Alexandre Godmer, Yahia Benzerara, Emmanuelle Varon, Nicolas Veziris, Karen Druart, Renaud Mozet, Mariette Matondo, Alexandra Aubry, Quentin Giai Gianetto, MSclassifR: An R package for supervised classification of mass spectra with machine learning methods, Expert Systems with Applications, Volume 294, 2025, 128796, ISSN 0957-4174, doi:10.1016/j.eswa.2025.128796.
Examples
library("MSclassifR")
library("MALDIquant")
###############################################################################
## 1. Pre-processing of mass spectra
# load mass spectra and their metadata
data("CitrobacterRKIspectra","CitrobacterRKImetadata", package = "MSclassifR")
# standard pre-processing of mass spectra
spectra <- SignalProcessing(CitrobacterRKIspectra)
# detection of peaks in pre-processed mass spectra
peaks <- MSclassifR::PeakDetection(x = spectra, averageMassSpec=FALSE)
# matrix with intensities of peaks arranged in rows (each column is a mass-to-charge value)
IntMat <- MALDIquant::intensityMatrix(peaks)
rownames(IntMat) <- paste(CitrobacterRKImetadata$Strain_name_spot)

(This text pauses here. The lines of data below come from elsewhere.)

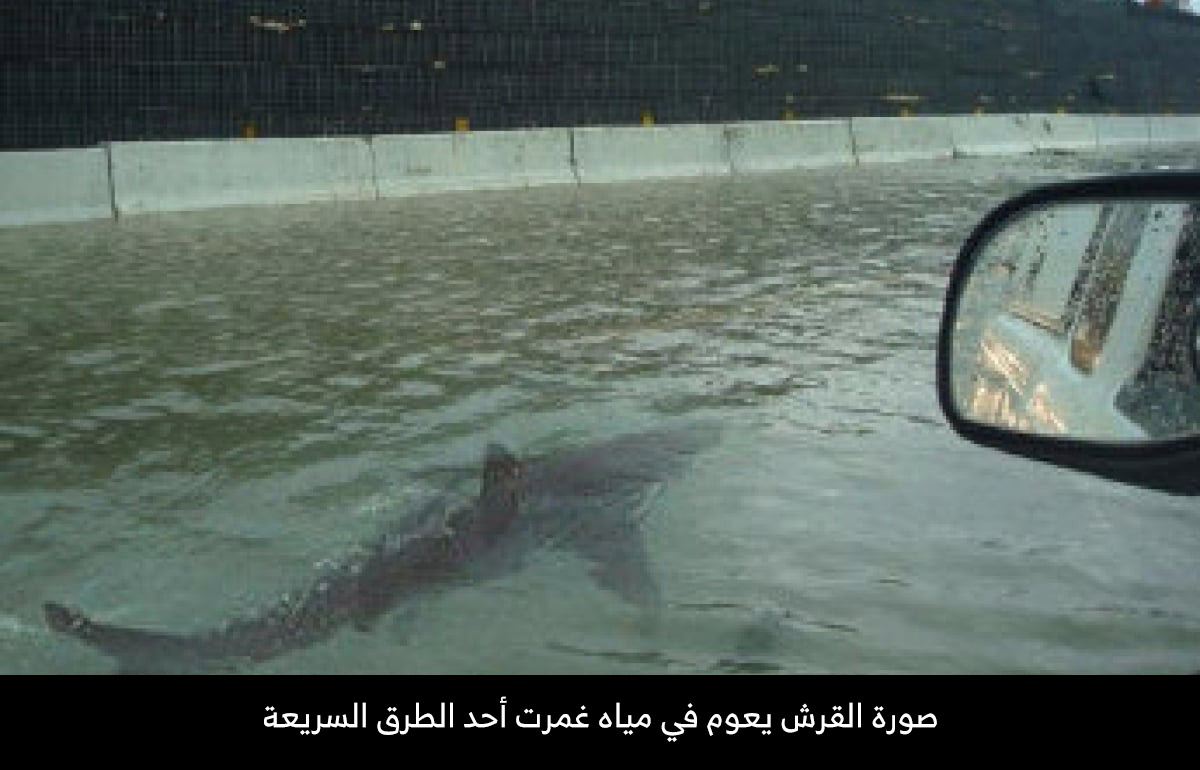 صورة تبرز مثل منظر قرش يعوم في طريق سريع مغمور بالمياه جعلت العديد من الناس يتداولونها بعد أن ضرب إعصار إيان فلوريدا في عام 2022. كما تم تداولها على نطاق واسع بعد أن ضرب إعصار هارفي هيوستن، تكساس، في عام 2017.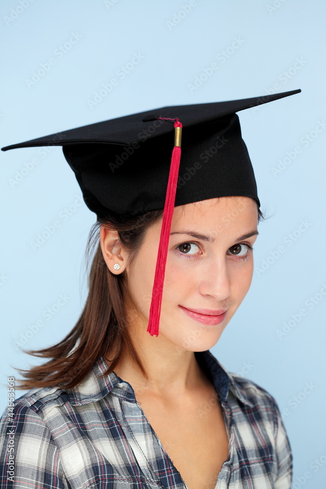 Portrait of a beautiful smiling girl in graduation cap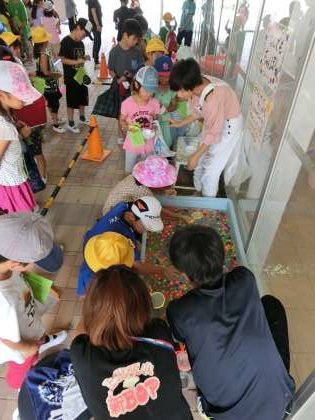 8月29日に上北沢小学校新BOPで、ミニえんにちが行われ、本校のボランティア部の9名がお手伝いに参加しました。シャボン玉、ヨーヨー釣り、スーパーボールすくい、シュートゲーム、お手玉投げなどのお手伝いをしました。児童たちは、とても楽しんでいました。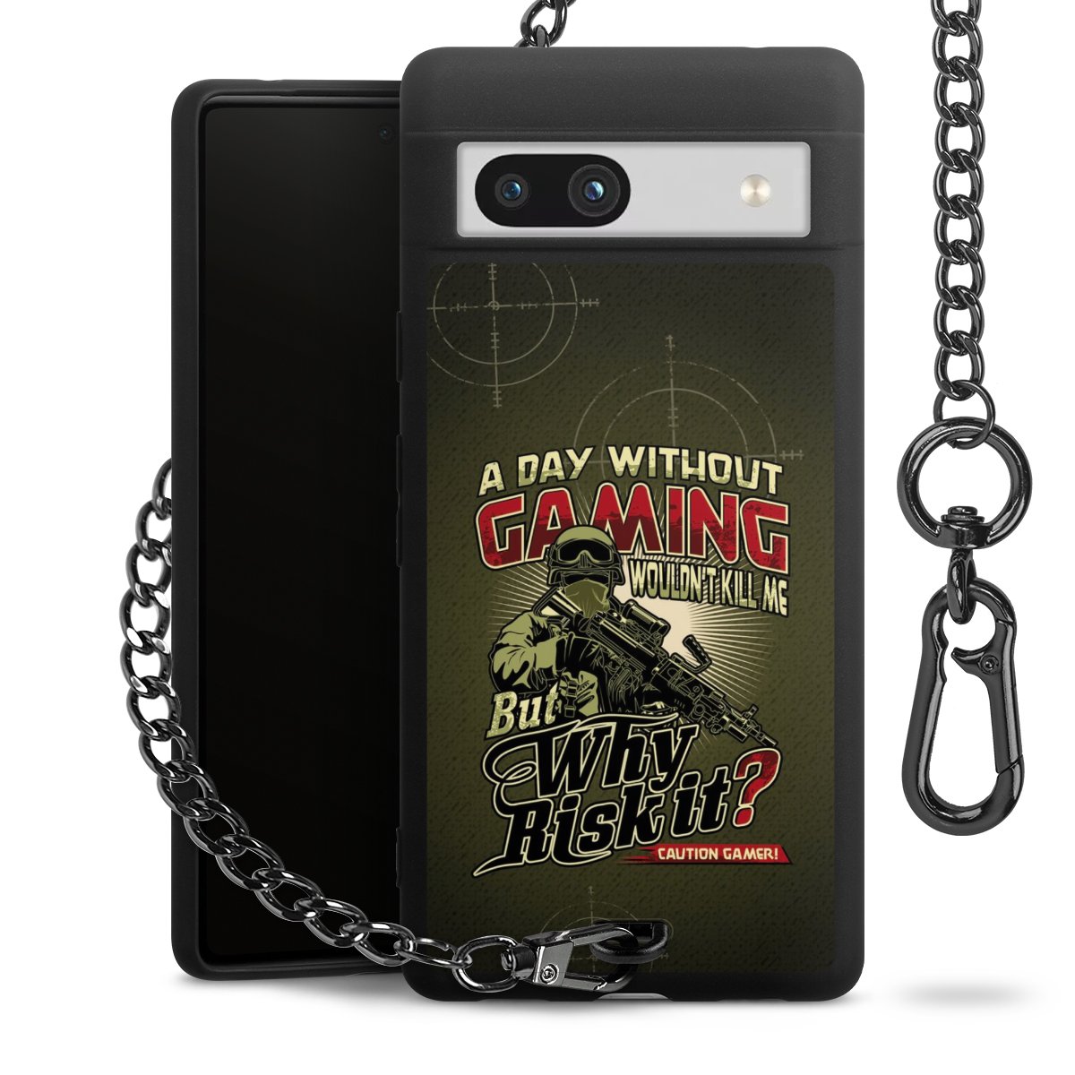 Die mattschwarze Silikon-Handyhülle besteht aus robustem TPU (thermoplastisches Polyurethan). Sie ist flexibel und schützt Dein Smartphone vor Stößen und Kratzern. Die Kette sowie der Karabinerhaken sind aus Metall in Gunmetal-Optik gefertigt. Für dieses Produkt kommen ausschließlich TÜV-geprüfte Materialien zum Einsatz.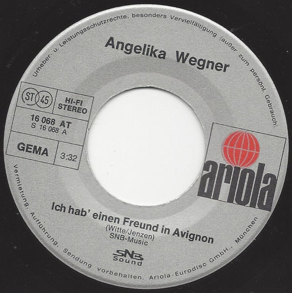 Vinyl / Angelika Wegner - Ich Hab' Einen Freund In Avignon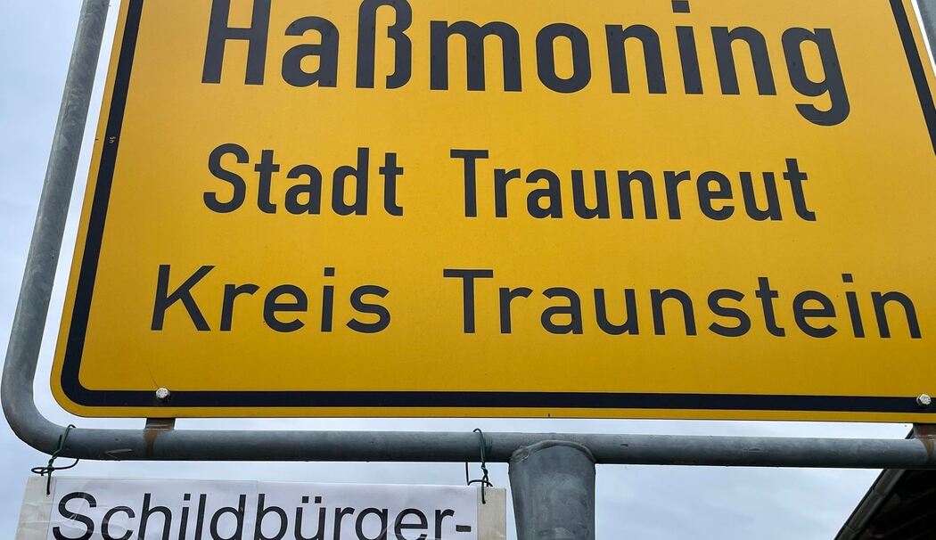 Traunreut – Am Ortsschild von Haßmoning hat jemand ein Zusatzschild »Schildbürgerstraße« angebracht. Andreas Piehler von der Bürgerliste, wohnhaft in Haßmoning, vermutet: »Offenbar gibt es eine Person, die vom politischen Einsatz der Haßmoninger für Tempo 30 dermaßen getriggert wird, dass sie sich zu so einer kindischen Aktion hinreißen lässt.«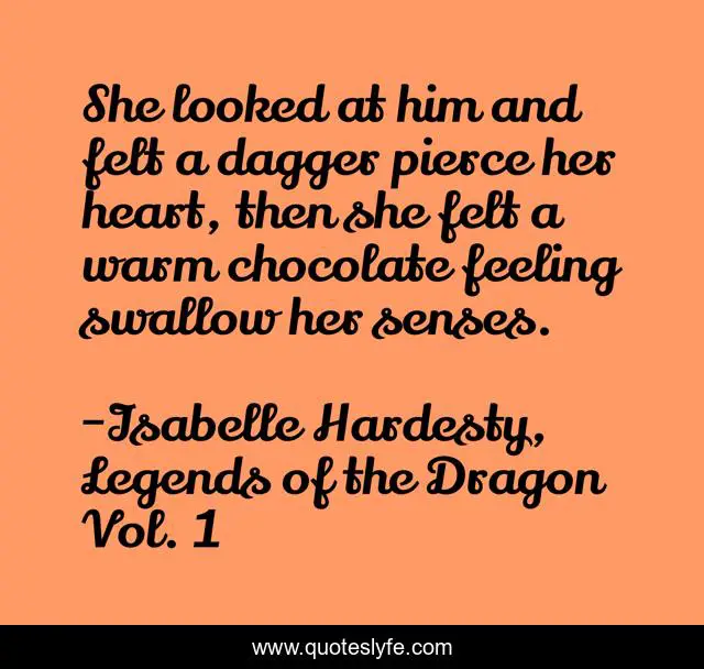 This page presents the quote "She looked at him and felt a dagger pierce her heart, then she felt a warm chocolate feeling swallow her senses.". Author of this quote is Isabelle Hardesty, Legends of the Dragon Vol. 1. This quote is about ya, urban-fantasy, fiction, fantasy, shapeshifters, young-adult,.
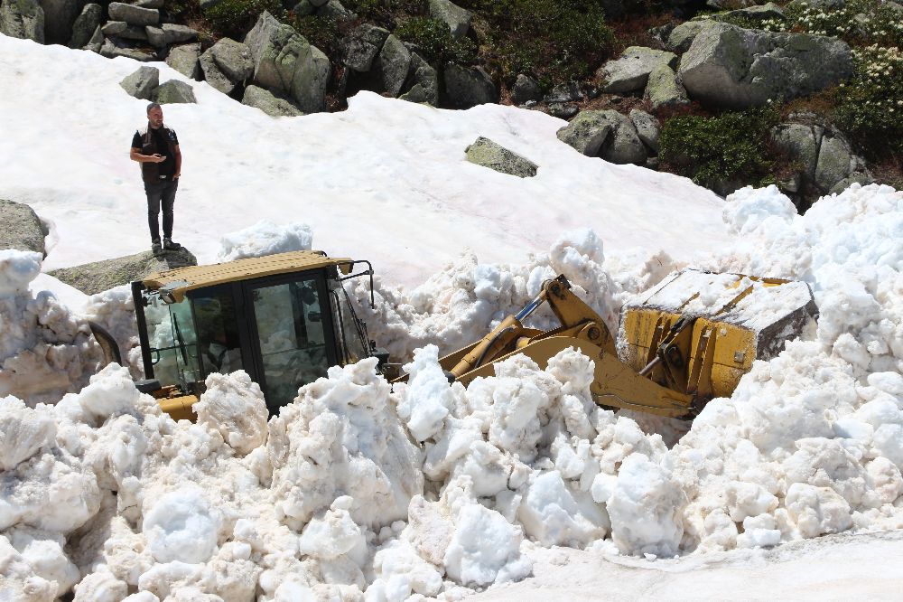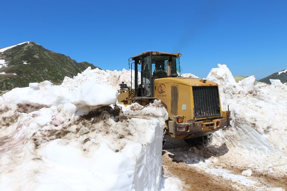 Rize'nin yüksek kesimlerinde kış mevsiminde düşen ve Haziran ayının sonuna gelinmesine rağmen henüz kalkmayan çığlar nedeniyle ulaşıma kapalı olan yollar teker teker açılıyor.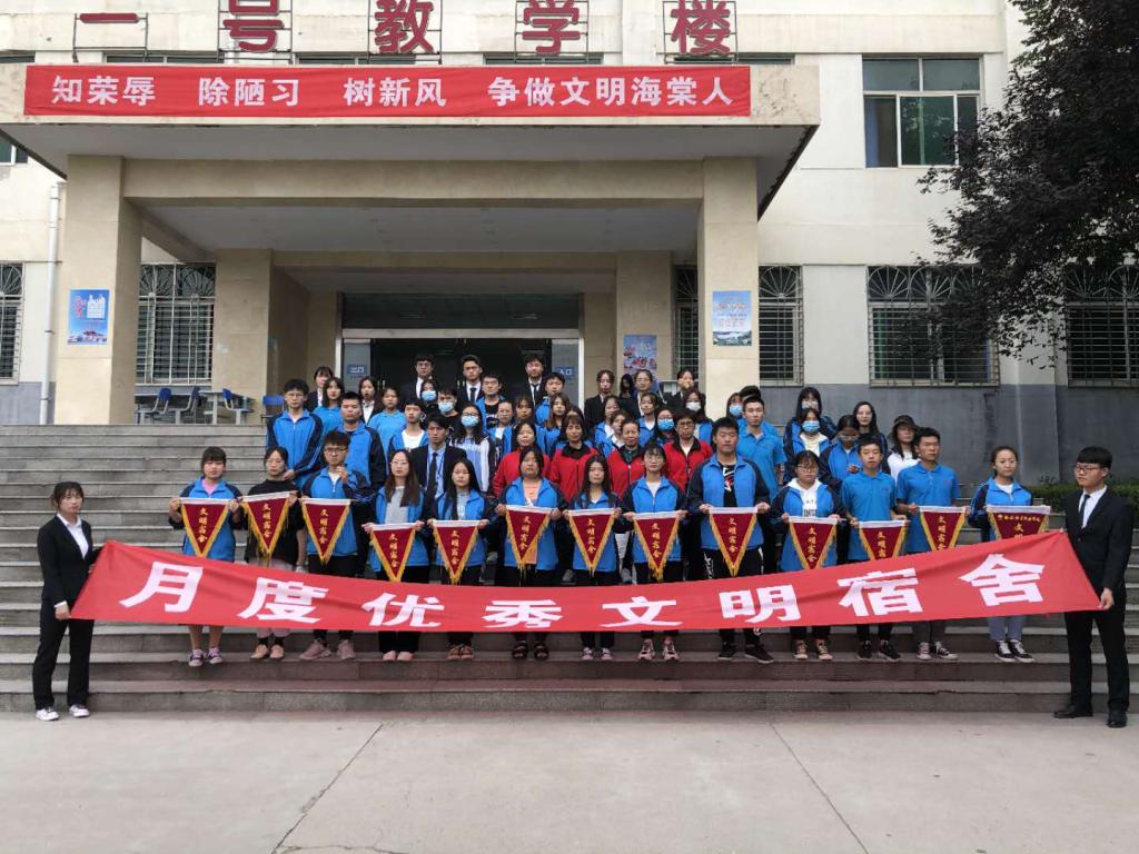 随后,马苏汉、郭平奎、公寓宿管老师为文明宿舍学生授旗。

# remove missing values in the matrix
IntMat[is.na(IntMat)] <- 0
# normalize peaks according to the maximum intensity value for each mass spectrum
IntMat <- apply(IntMat,1,function(x) x/(max(x)))
# transpose the matrix for statistical analysis
X <- t(IntMat)
# define the known categories of mass spectra for the classification
Y <- factor(CitrobacterRKImetadata$Species)
###############################################################################
## 2. Selection of discriminant mass-to-charge values using RFERF
# with 5 to 10 variables,
# up sampling method and
# trained with the Accuracy coefficient metric
a <- MSclassifR::SelectionVar(X,
Y,
MethodSelection = c("RFERF"),
MethodValidation = c("cv"),
PreProcessing = c("center","scale","nzv","corr"),
NumberCV = 2,
Metric = "Accuracy",
Sizes = c(2:5),
Sampling = "up")
sel_moz=a$sel_moz
###############################################################################
## 3. Perform LogReg from shortlisted discriminant mass-to-charge values
# linear multinomial regression
# without sampling mehod
# and trained with the Kappa coefficient metric
model_lm=MSclassifR::LogReg(X=X,
moz=sel_moz,
Y=factor(Y),
number=2,
repeats=2,
Metric = "Kappa")
# Estimated model:
model_lm
# nonlinear multinomial regression using neural networks
# with up-sampling method and
# trained with the Kappa coefficient metric
model_nn=MSclassifR::LogReg(X=X,
moz=sel_moz,
Y=factor(Y),
number=2,
repeats=2,
kind="nnet",
Metric = "Kappa",
Sampling = "up")
# Estimated model:
model_nn
# nonlinear multinomial regression using random forests
# without down-sampling method and
# trained with the Kappa coefficient metric
model_rf=MSclassifR::LogReg(X=X,
moz=sel_moz,
Y=factor(Y),
number=2,
repeats=2,
kind="rf",
Metric = "Kappa",
Sampling = "down")
# Estimated model:
model_rf
# nonlinear multinomial regression using xgboost
# with down-sampling method and
# trained with the Kappa coefficient metric
model_xgb=MSclassifR::LogReg(X=X,
moz=sel_moz,
Y=factor(Y),
number=2,
repeats=2,
kind="xgb",
Metric = "Kappa",
Sampling = "down")
# Estimated model:
model_xgb
# nonlinear multinomial regression using svm
# with down-sampling method and
# trained with the Kappa coefficient metric
model_svm=MSclassifR::LogReg(X=X,
moz=sel_moz,
Y=factor(Y),
number=2,
repeats=2,
kind="svm",
Metric = "Kappa",
Sampling = "down")
# Estimated model:
model_svm
##########
# Of note, step 3 can be performed several times
# to find optimal models
# because of random hyperparameter search
###############################################################################
## 4. Select best models in term of average Kappa and saving it for reuse
Kappa_model=c(model_lm$stats_global[1,2],model_nn$stats_global[1,2],
model_rf$stats_global[1,2],model_xgb$stats_global[1,2],model_svm$stats_global[1,2])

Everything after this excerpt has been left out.